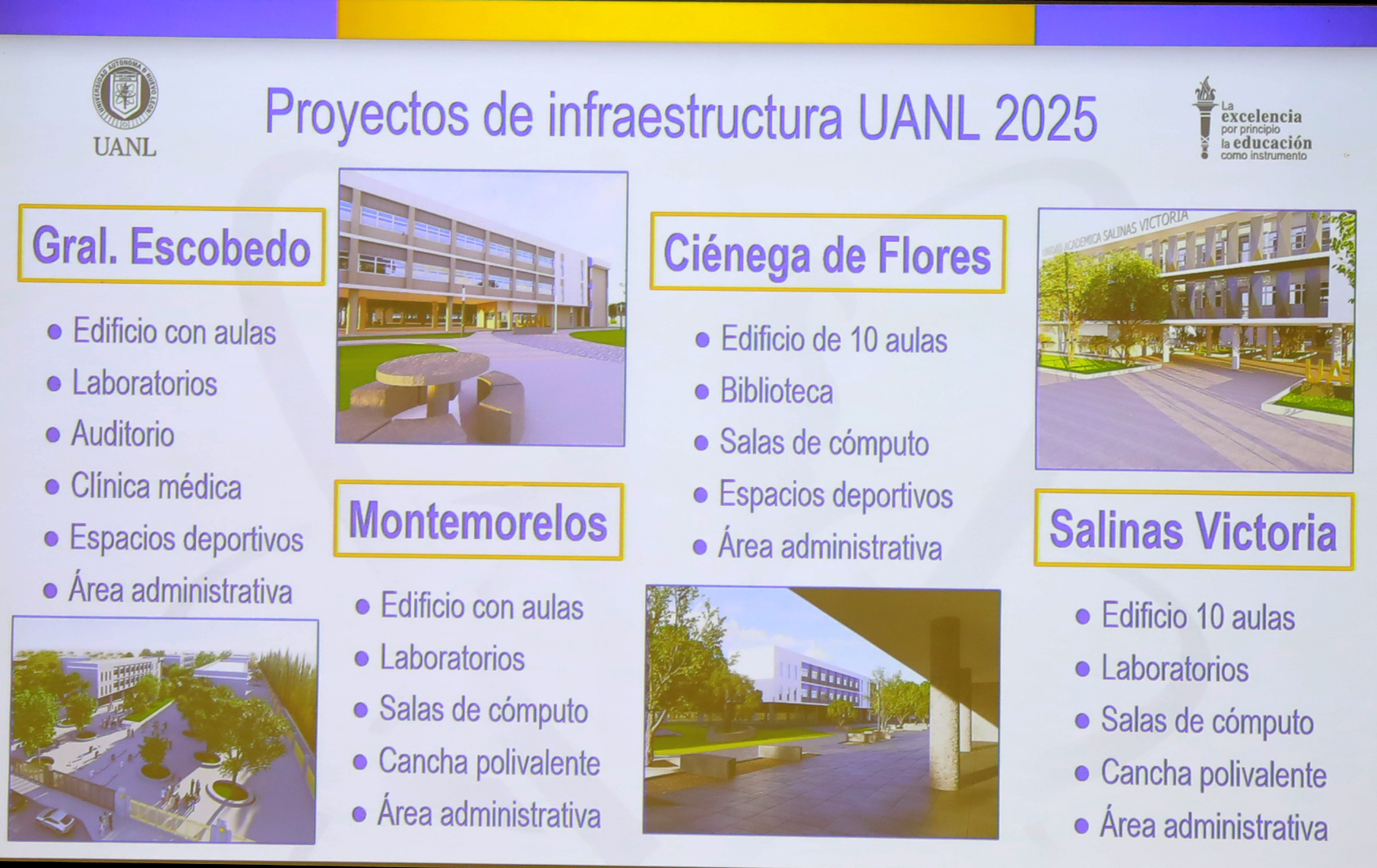 El Rector presentó los avances de los proyectos de infraestructura de la Universidad, además del presupuesto de inversión a la fecha y los objetivos de cada uno de estos proyectos. Asimismo, anunció la creación de nuevas unidades académicas en los municipios de General Escobedo, Montemorelos, Ciénega de Flores y Salinas Victoria.
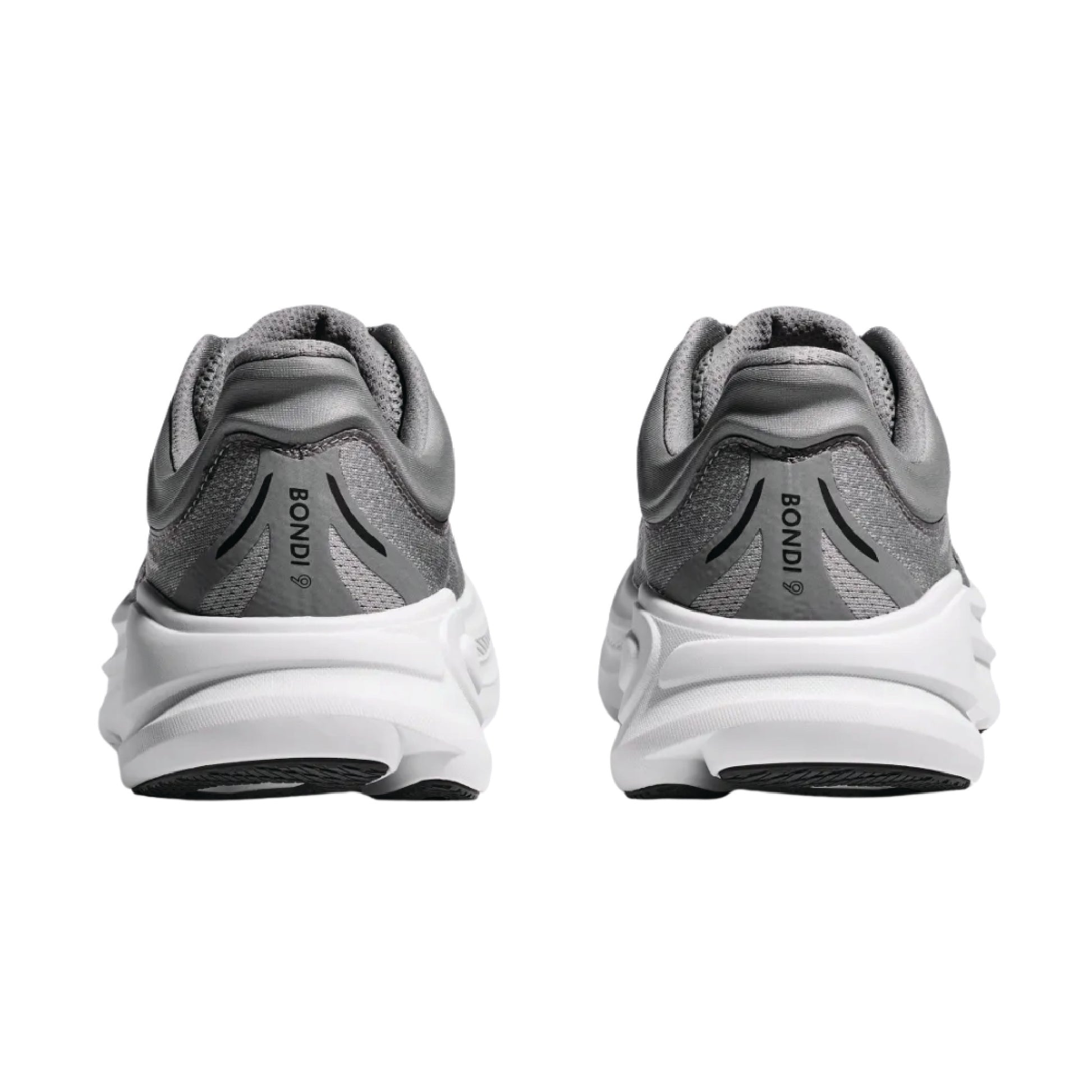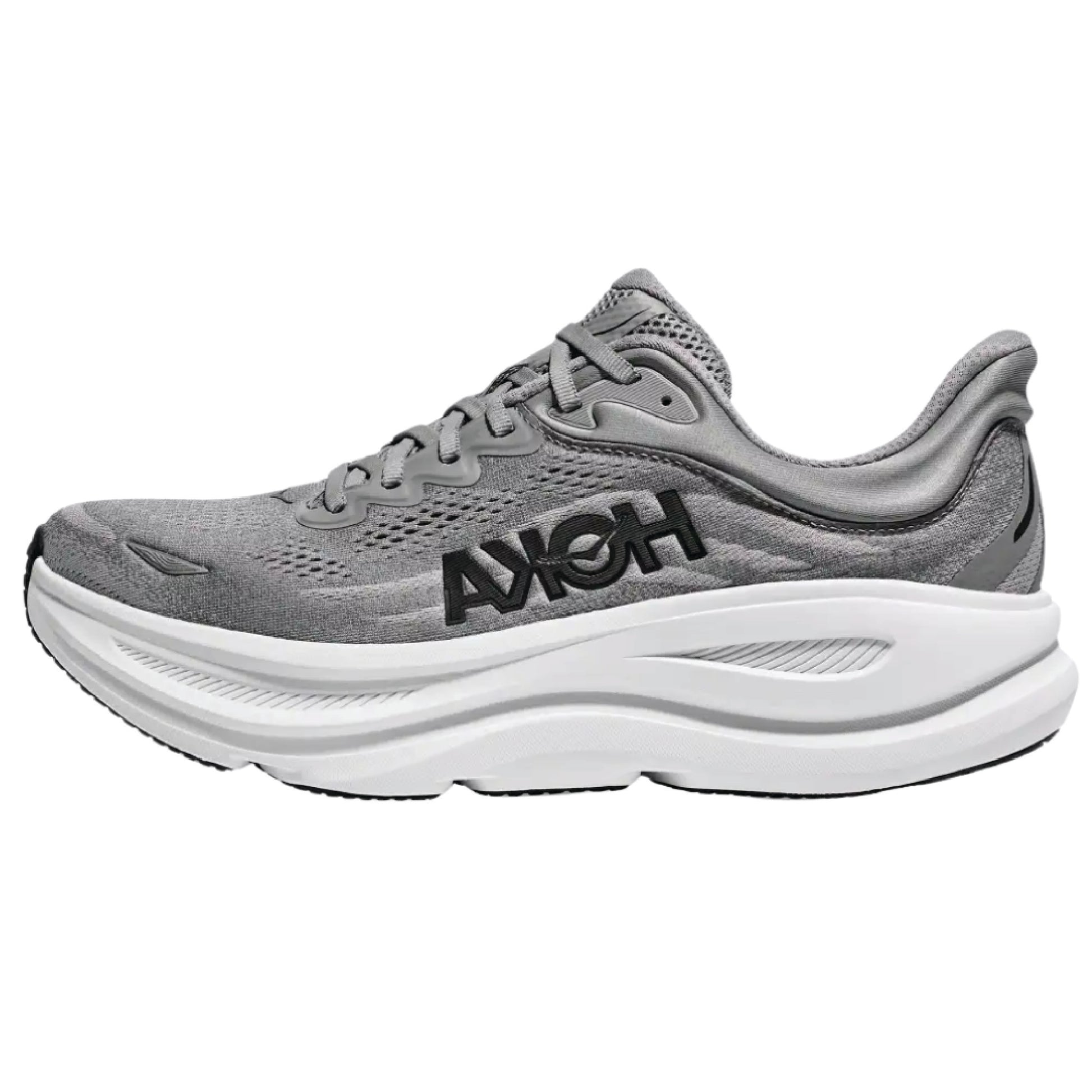 Hoka Bondi 9 running shoe in a grey colourway.
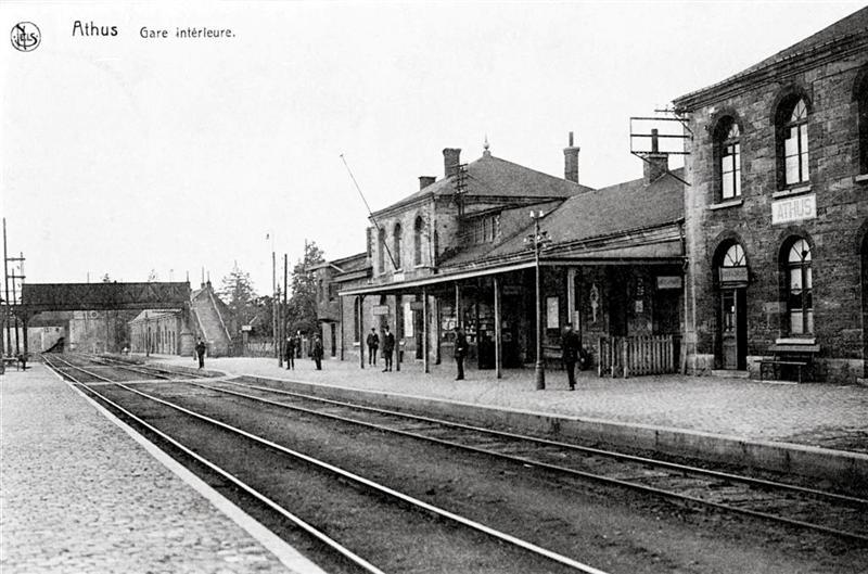 Reproductie van een postkaart met als opschrift 'Athus Gare intérieure.' Bovenaan links staat het logo van de uitgever. De postkaart toont de achtergevel van het stationsgebouw met luifel. Op het perron wachten reizigers en spoorwegpersoneel op de komst van de trein. Op de achtergrond overspannen een passerelle en een brug de sporen. Achter de voetgangersbrug is nog net een mechanisch sein met twee armen zichtbaar. De dwarsliggers zijn met ballast bedekt.
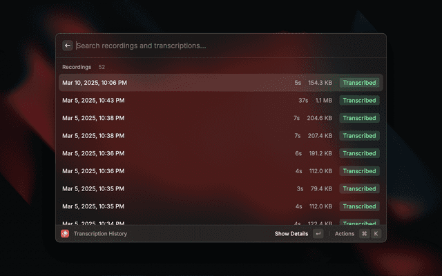 - Filter and search through your transcription history
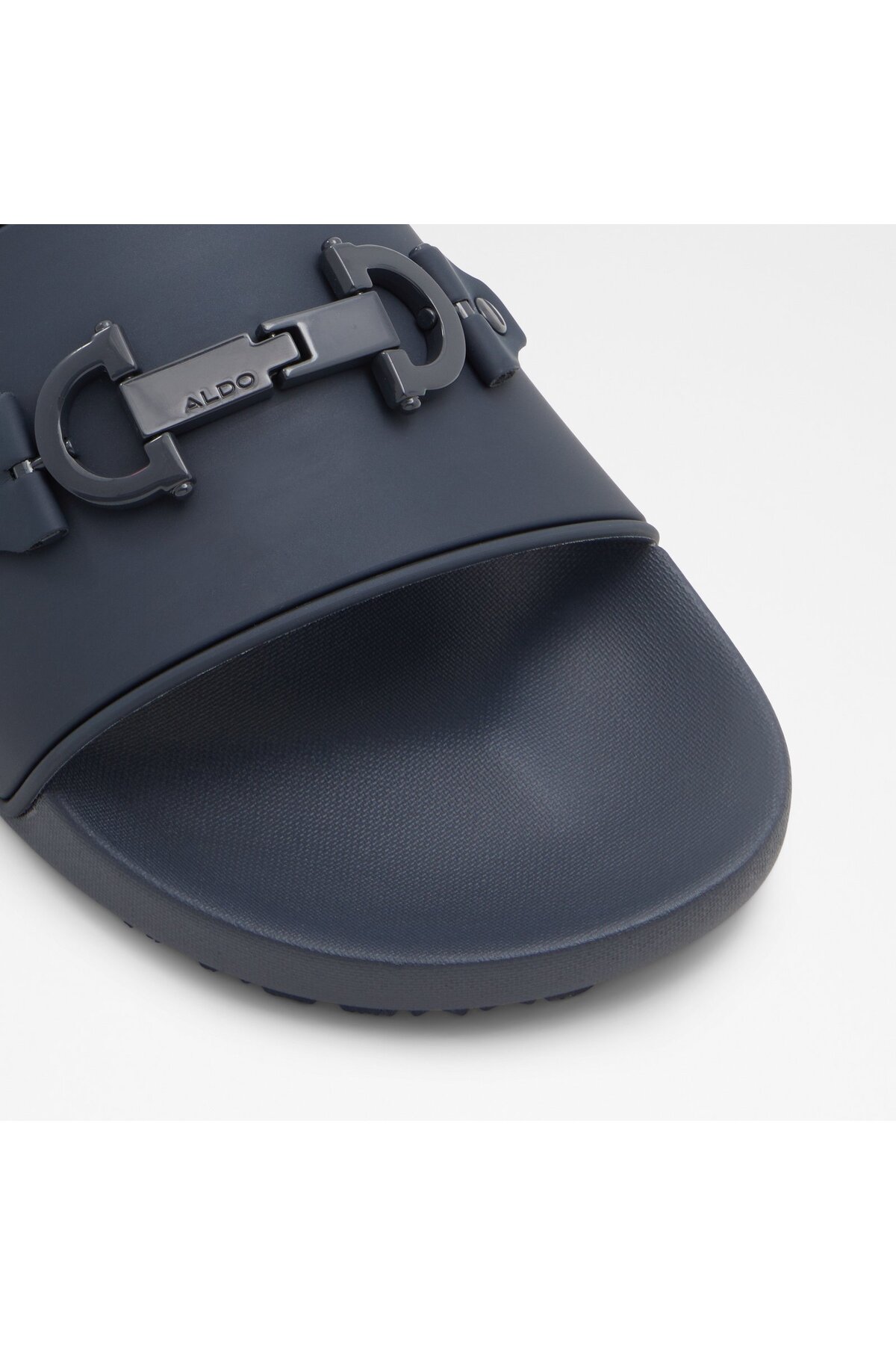 دمپایی مردانه چرمی مصنوعی رنگ سرمهای برند Aldo، ترکیبی از راحتی و زیبایی است که برای استفاده روزمره طراحی شده است.

※ ※ ※

• **Exercise directions**:
Take the lines from the start of the entries through the line containing "- Filter and" and set them down exactly, leaving out every picture.

• **Exercise response**:
 El Rector presentó los avances de los proyectos de infraestructura de la Universidad, además del presupuesto de inversión a la fecha y los objetivos de cada uno de estos proyectos. Asimismo, anunció la creación de nuevas unidades académicas en los municipios de General Escobedo, Montemorelos, Ciénega de Flores y Salinas Victoria.
 Hoka Bondi 9 running shoe in a grey colourway.
 Reproductie van een postkaart met als opschrift 'Athus Gare intérieure.' Bovenaan links staat het logo van de uitgever. De postkaart toont de achtergevel van het stationsgebouw met luifel. Op het perron wachten reizigers en spoorwegpersoneel op de komst van de trein. Op de achtergrond overspannen een passerelle en een brug de sporen. Achter de voetgangersbrug is nog net een mechanisch sein met twee armen zichtbaar. De dwarsliggers zijn met ballast bedekt.
 - Filter and search through your transcription history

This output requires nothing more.